I offered to go to counseling with her because i really want to see what the issue is. I went once with her and I think the doc agreed with me on several issues. She just does not regard some things as important, like paying taxes, which she has not done for going on 4 yrs now. I told the doc I DO have a problem signing on for bankrupcy with her. She has no idea how much money she makes, spends, owes the gov't, etc. Doc told her to get her **** together and get an accountant. Never happened. I had my accountant do them last time wtih 3 yrs behind. 

In my own right, I think someone could see that I have some very valid concerns here but I personally think there is something worth working on but I see no point in wasting my time if she cannot try to meet me in the middle.

Regarding my resistance to marriage, I really think I have been waiting for years to see the her that I want to marry. She told me years ago that she was holding back and I would get so much more when we are married. I think it is a smoke screen. When we got engaged, NOTHING changed at all and should have. I have a lot of financial worries as well which she does not relate to. I seem to be a person that makes "business like" decisions and because we are both self employed, I don't want one to drag the other down with them. My business is not insured or incorpoerated.


----------



## bobsmith (Oct 15, 2012)

I thought I might update anyone interested. My fiance went to her doc today for an hour. So I simply asked her about it when she got home. I really don't know what to do right now so I am trying to talk to her. 

She really did not say much other than she feels trapped and financially unstable with me. there is some serious drama regarding our property purchase because we both have money in it and she will need money if she moves. 

She decided to go out with her friend for the evening. Not to be nosy but I did glance in her jewlery and did not see our engagement ring so I am hopeful she is wearing it. 

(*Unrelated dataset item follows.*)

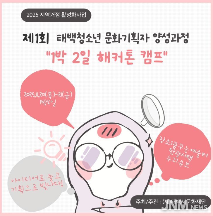 제이앤엠뉴스 | (재)태백시문화재단은 11월 20일)부터 21일까지 1박 2일간 태백 꿈꾸는 예술터(탄광사택 누리큐브)에서 '제1회 태백 청소년 문화기획자 양성과정 ‘1박 2일 해커톤 캠프’'를 운영한다.
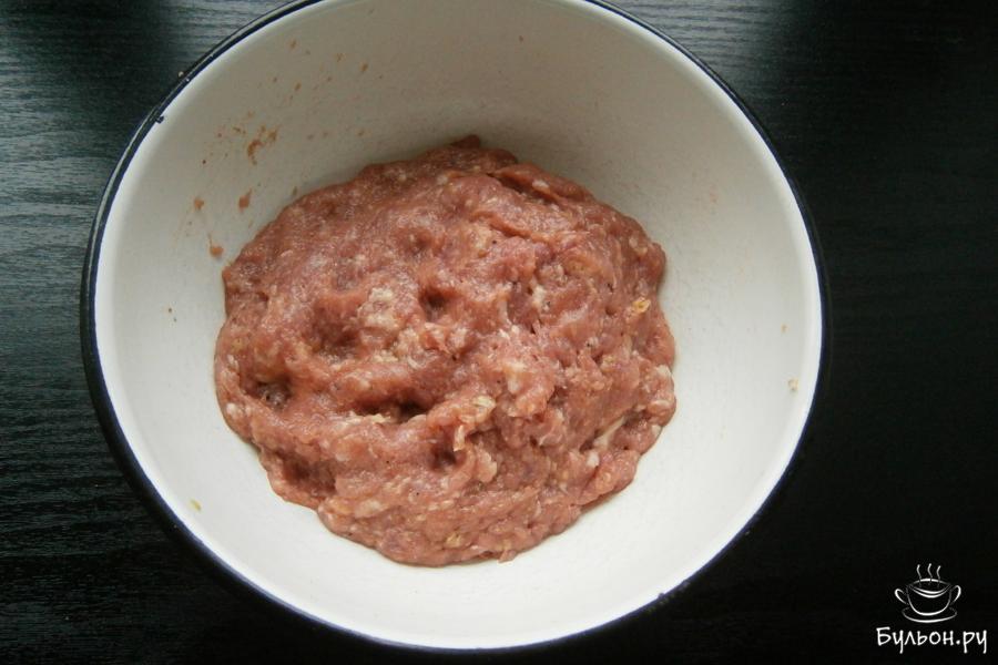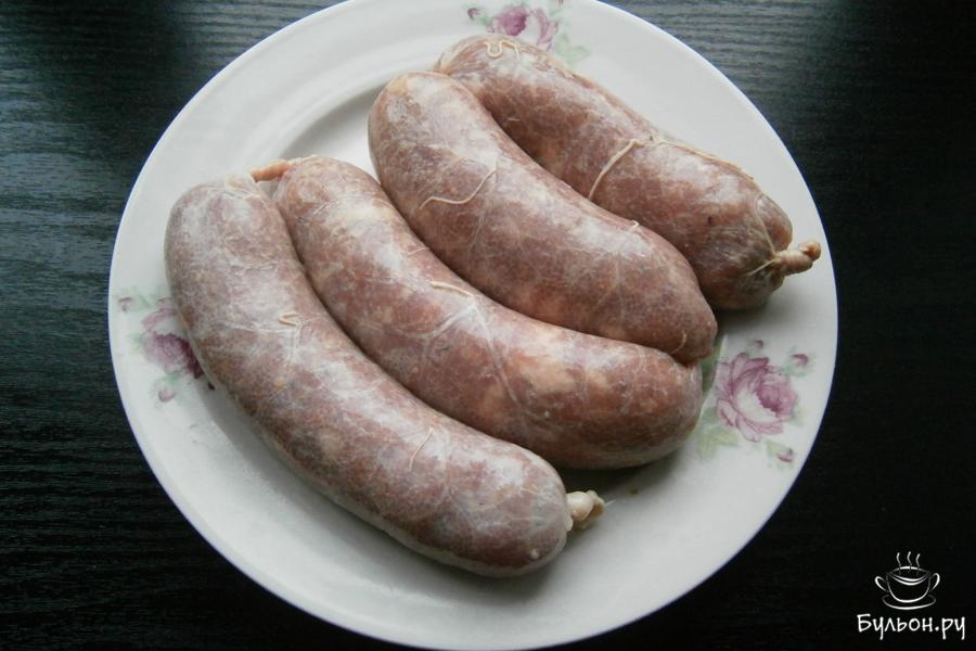 9. Наполнить кишки подготовленным острым свиным фаршем удобным для вас способом не слишком плотно, перекручивая кишку через 15 см. Должно получиться 4 колбаски. Концы кишок перевязать, сами колбаски поколоть иголкой.

I am curious, and I know it might be wishing, but if there is even a chance, should I just give her space right now or do what I can to fix our issues? If it is over, I am still not sure how I am supposed to get this done. There is talks of her getting an apt but she has no claimed income for that. I already threw the house and property up for sale to show her I was not going to trap her but I am not sure if she sees that as pushing her out. 

I guess my heart is just broke in too many places to make sense right now. She told me not 2 months ago that we need each other and I would have to leave her this time. WTF happened? I have to wonder if she can flip flop like this, am I just asking for more pain here??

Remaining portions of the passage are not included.